Problem/Motivation
This is a followup from #3409587: [10.2 regression] RSS feeds invalid due to .
RSS feeds are now valid but have a warning on the W3C feed validator:
This feed is valid, but interoperability with the widest range of feed readers could be improved by implementing the following recommendations.
line 6, column 42: description should not contain HTML:
&
<description>Training &amp; Events</description>
Steps to reproduce
Create a feed in views with an RSS channel description that contains an ampersand, e.g. "Training & Events". Channel description is a field in the Feed:Style options setting section in views.
Checking the feed output against https://validator.w3.org it prints a warning for the channel description line: "description should not contain HTML: &
". The RSS feed literally contains &amp;
which is parsed into human-readable text &
. It should contain &
which is parsed as human-readable text &
.
Proposed resolution
The \Drupal\Core\EventSubscriber\RssResponseRelativeUrlFilter::transformRootRelativeUrlsToAbsolute() method processes all RSS feed description elements as markup. However, RSS has two different kinds of description elements: item description elements, which according to the RSS specs are interpreted as markup, and channel description elements, which are interpreted as human-readable. So that method should skip channel description elements.
Remaining tasks
User interface changes
API changes
Data model changes
Issue fork drupal-3424768
Show commands
Start within a Git clone of the project using the version control instructions.

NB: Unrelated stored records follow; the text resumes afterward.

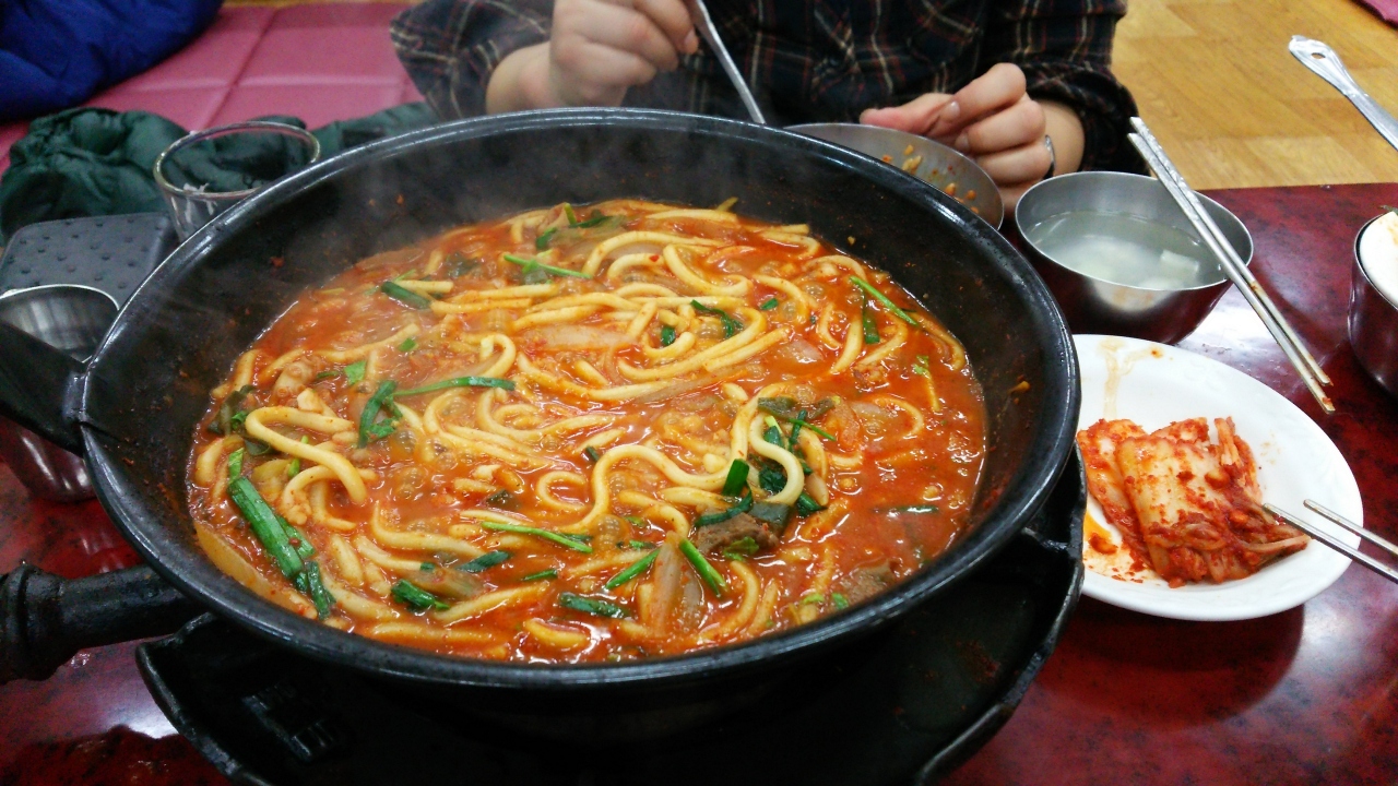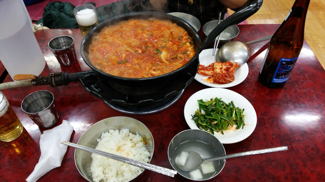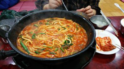 19時ころ伺った時には外見で既に満席。2階席に通されました。日本語通じず+メニューもなし。雰囲気でタコ海老鍋をオーダー。口コミなどには辛くないと書いてありますが、子供には無理かなレベルで辛いと思います。美味しいギリギリといったとこ。ビールに合います!〆はうどんをオーダーしました。こしはありませんが、インスタントラーメンだとどうも合わない気がして・・・値段は妥当です。おなかいっぱいの量でした。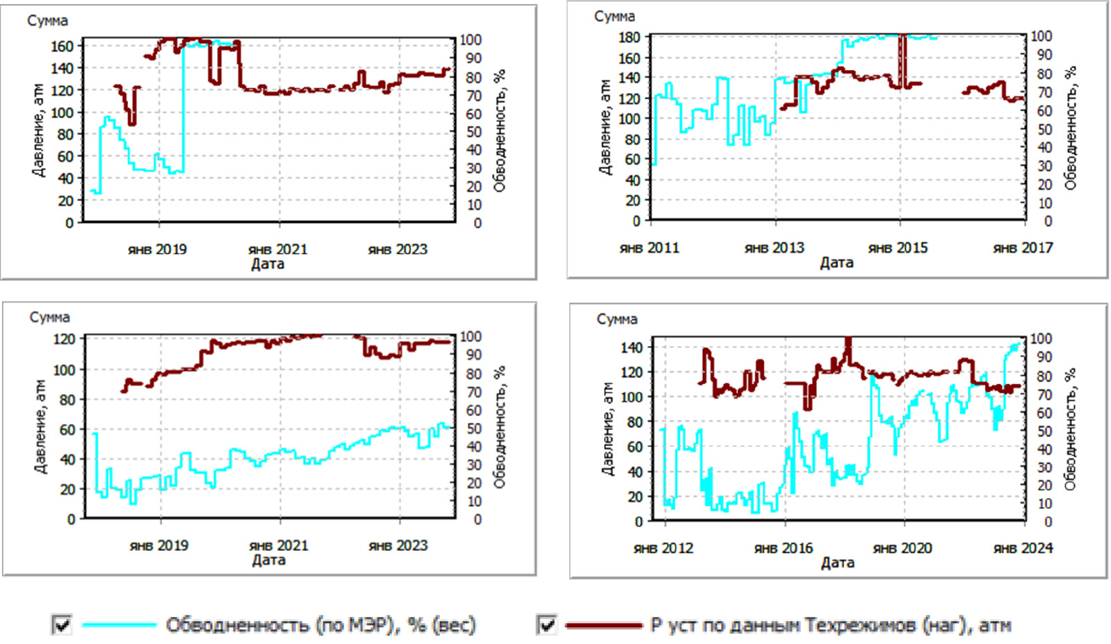 Некоторые из примененных технологий не использовали поверхностно-активные вещества (далее – ПАВ) в конце закачки. Как следствие, происходит кольматация призабойной зоны пласта (далее – ПЗП), что приведёт к потере приемистости и снижению дебитов жидкости и, соответственно, нефти окружающих добывающих скважин.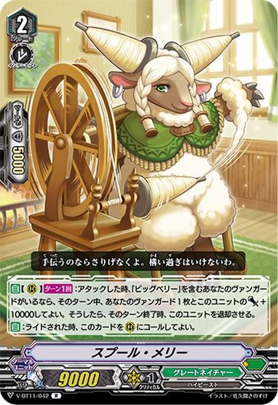 【自】【(R)】【ターン1回】:アタックした時、「ビッグベリー」を含むあなたのヴァンガードがいるなら、そのターン中、あなたのヴァンガード1枚とこのユニットのパワー+10000してよい。そうしたら、そのターン終了時、このユニットを退却させる。【自】:ライドされた時、このカードを(R)にコールしてよい。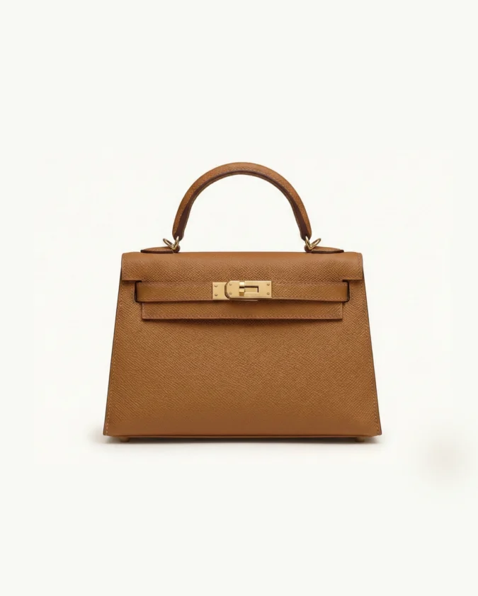 Hermes mini Kelly Epsom Trapezoid Handbag Tan Brown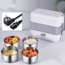 DS 스텐 가열 전기 보온 도시락통 휴대식 직장인 대용량 런치박스 캠핑용 출장용, 1세트, 그레이 2단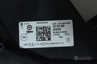 Codice ricambio: 10003940 Faro destro Full LED, VW, Passat (B9), 2023>, 3J1941006, L853478, 992941591DG, 2.0 TFSI, Benzina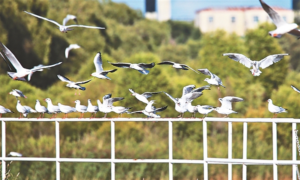 近年來,隨著環(huán)境保護(hù)力度的加大,松花江生態(tài)持續(xù)向好,水豐魚多,給紅嘴鷗等候鳥提供了豐富的食物。每年,都有超過萬只的紅嘴鷗春秋兩季在松花江這處“驛站”歇腳。 黑龍江日?qǐng)?bào)記者 張澍攝
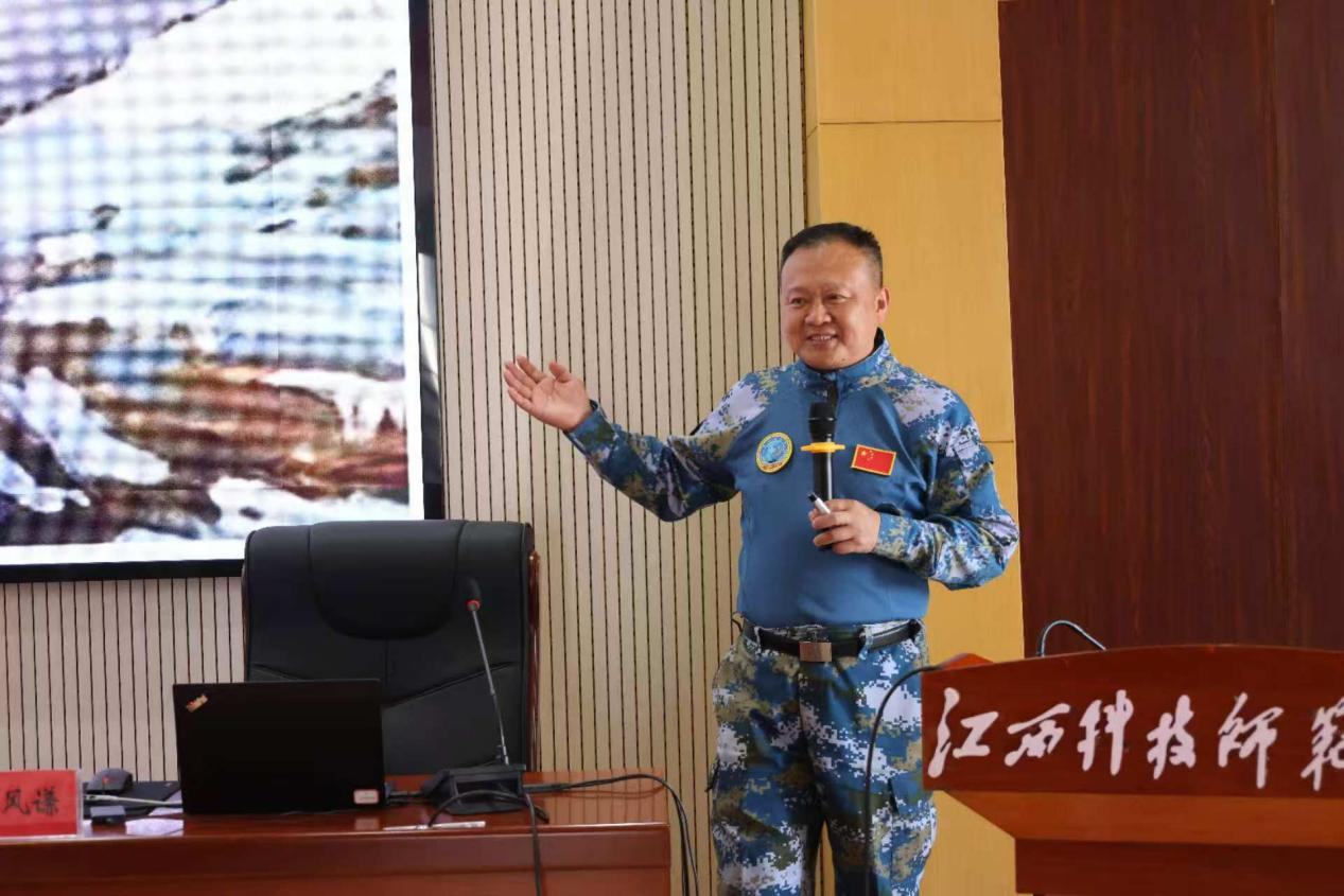 4月19日,江西省国防教育研究院、江西科技师范大学在红角洲校区图书馆学术报告厅举行“旗帜·先锋的力量”国防教育专题报告会。逐梦深蓝讲师团发起人、海军石家庄舰原政委林风谦应邀主讲。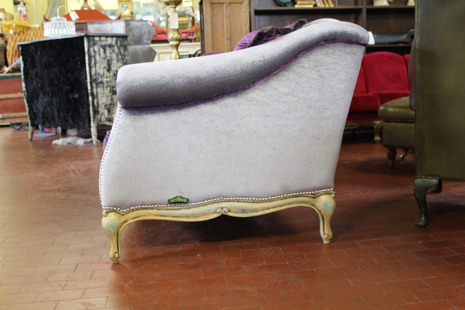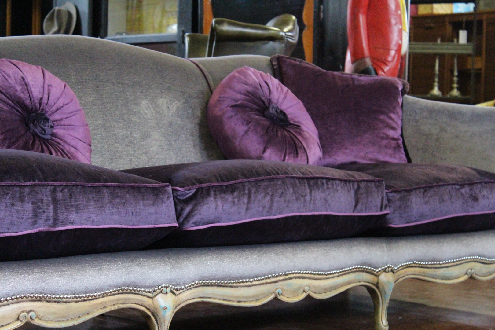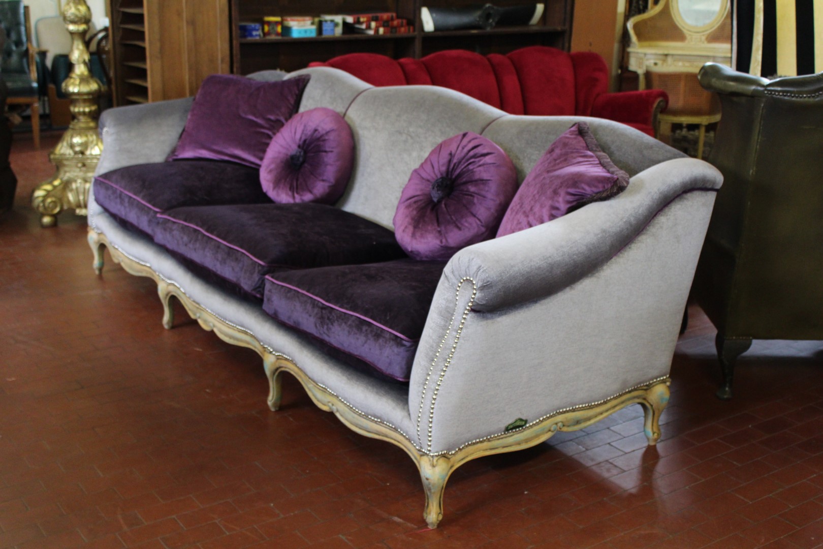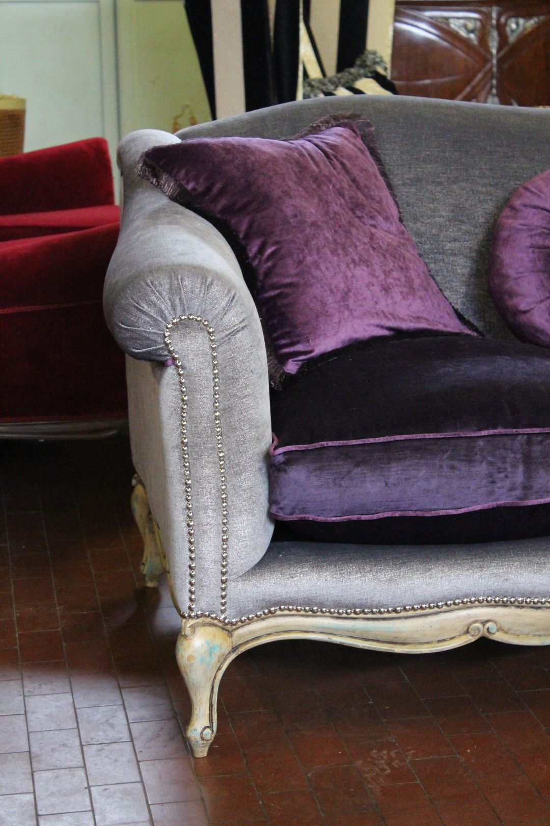 Divano 4 posti modello Luxury, in velluto color carta da zucchero con cuscini coordinati.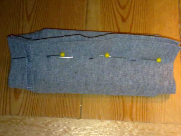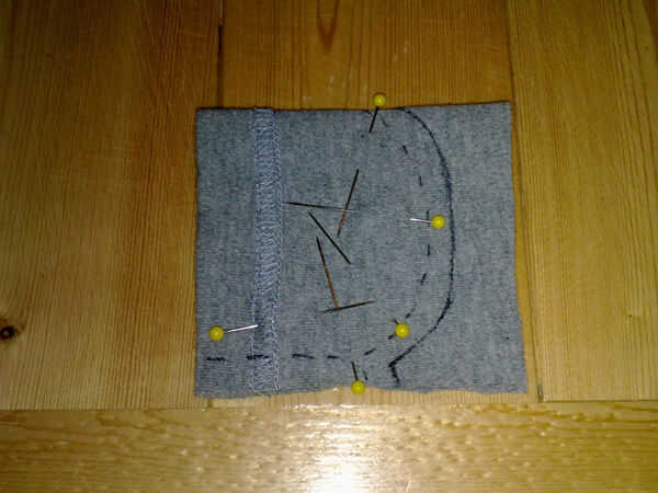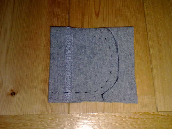 Ahora usted tendrá a mano una forma de sudadera con capucha similar a lo que hice en la foto 3. Tenga en cuenta que la parte superior de la tela en la foto es el pliegue. Las líneas rectas se cortan las líneas y las líneas del tablero son las líneas de costura.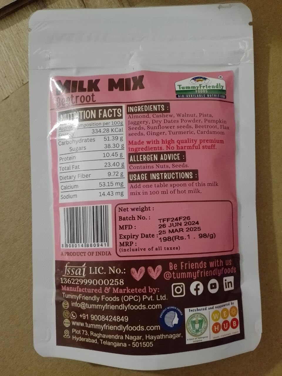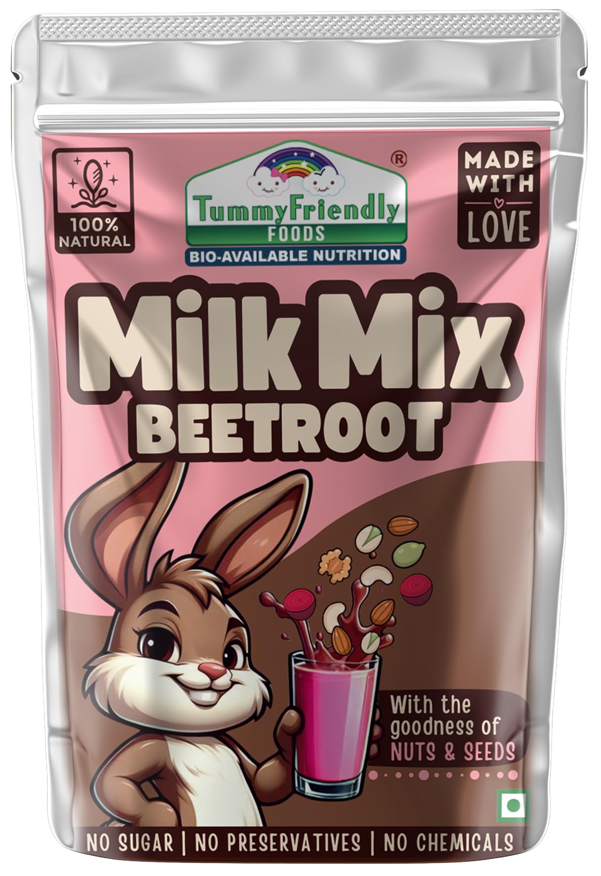 Tummy Friendly Beetroot Milk Mix for kids. Made of organic nuts seeds healthy milk mix for toddlers 1 year 2 year old baby and elder kids. kids milk powder mix - 100g Trial Pack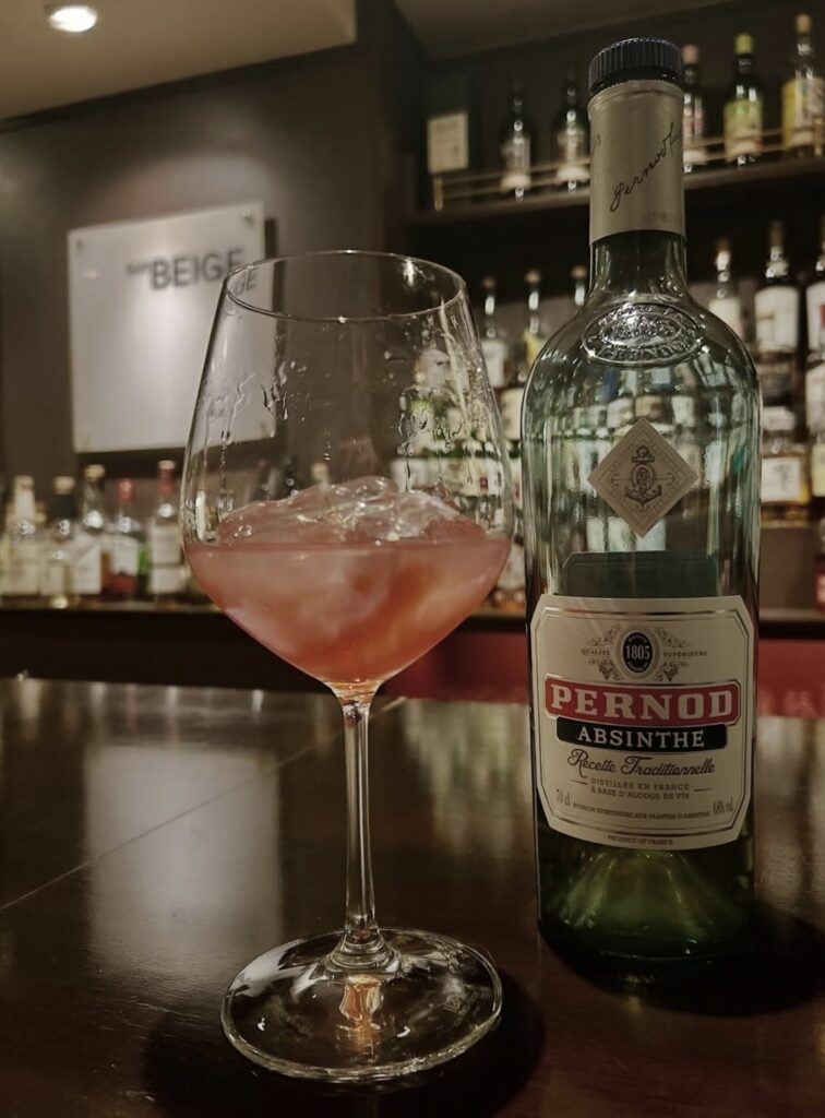 本カクテルはアブサン(香草系リキュール)とフルーツリキュールを使用。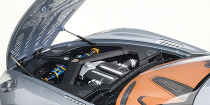 Overall the Aston is made up of 275 metal and plastic parts with 108 being metal and 15 photo-etched. Each car gets 70 free-hand sprays, which contributes much to the deep finish each Autoart model seems to offer.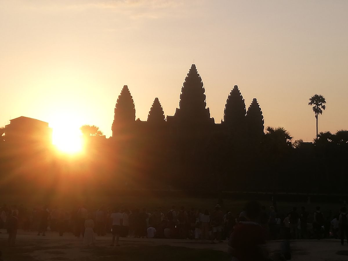 アンコールワット観光はまず朝早く出発してアンコールワットの後ろからの日の出を鑑賞したが、非常に幻想的でした。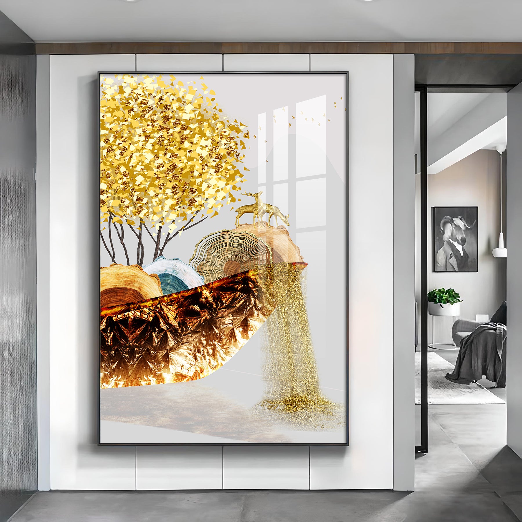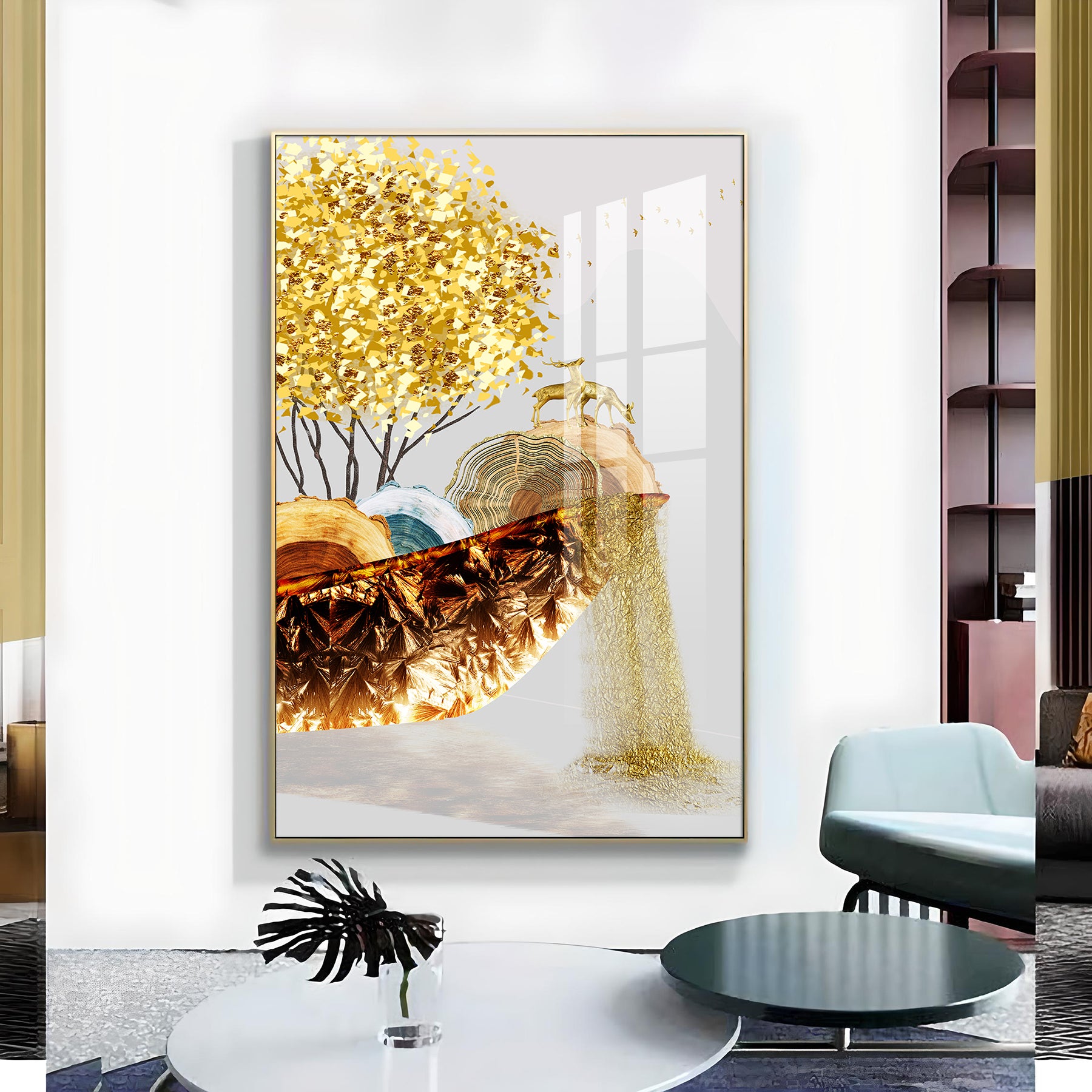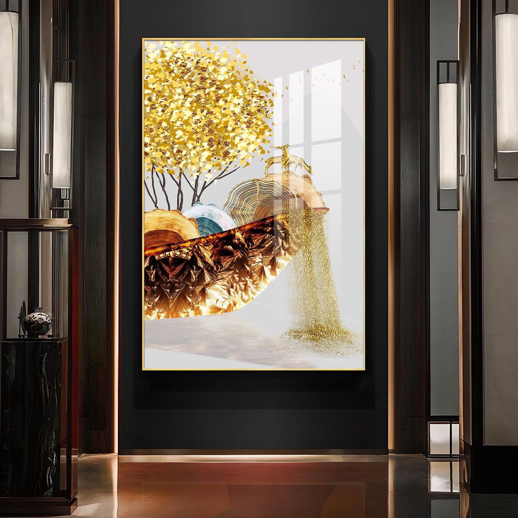 Golden Serenity Glass Finish Vertical Wall Art

Or, if you do not have SSH keys set up on git.drupalcode.org:
- 3424768-problematic-xml-characters changes, plain diff MR !6842
Comments
Comment #2
cilefen CreditAttribution: cilefen commentedSo it should be
&
, correct?See https://www.w3.org/TR/REC-xml/#dt-chardata
Comment #3
mfbWhat I found when trying to reproduce this issue is that Views outputs
<channel><description>Training &amp; Events</description></channel>
as the feed description.However, it is recommended to output
<channel><description>Training & Events</description></channel>
My interpretation of what the feed validator is saying is that it's recommended that a feed description be semantically considered to be plain text, and thus a user-entered feed description should be encoded once to be rendered in the feed description XML element:
<channel><description>Training & Events</description></channel>
An item description, on the other hand, could be semantically considered to be markup, thus a user-entered item description would be encoded once to render valid markup from the entered text, and a second time to be rendered in the item description XML element:
<item><description>Training &amp; Events</description></item>
Comment #4
mfbThis does seem to be pretty heavily related to #3409587: [10.2 regression] RSS feeds invalid due to after all, although it's a separate bug in the same code.
It appears that \Drupal\Core\EventSubscriber\RssResponseRelativeUrlFilter::transformRootRelativeUrlsToAbsolute() is operating on channel description elements, but it should not, as these are considered to be human-readable plain text. It should only be operating on item description elements, which are considered to be markup.
Comment #6
mfb@OMD can you test my attempted fix in MR 6842? If it resolves the warning then we can update issue summary, add a test and reroll as a merge request on 11.x branch.
Comment #7
cilefen CreditAttribution: cilefen commentedThe
&
is being escaped twice?Comment #8
mfb@cilefen Yes, that's what I found when trying to reproduce the issue. If we confirm that the issue is basically the opposite of the title then I will update it :)
Comment #9
mfbAdded unit test coverage for
&
in channel description element.Comment #10
smustgrave CreditAttribution: smustgrave at Mobomo commentedFrom reading the issue summary provided I believe @mfb you were correct in your assumption.
So can the issue summary be updated to match. Also MR should probably be pointed to 11.x
Thanks.
Comment #11
mfbComment #12
smustgrave CreditAttribution: smustgrave at Mobomo commentedThanks @mfb!
Ran the test-only feature here https://git.drupalcode.org/issue/drupal-3424768/-/jobs/983276 which showed the test failure.
The change to the loop makes sense and fixes the issue following the scenario described.
Comment #13
longwaveThe findings here match with the comment in
template_preprocess_views_view_rss()
:Committed and pushed e8db570e86 to 11.x and 3ff7664833 to 10.3.x and e851b33905 to 10.2.x. Thanks!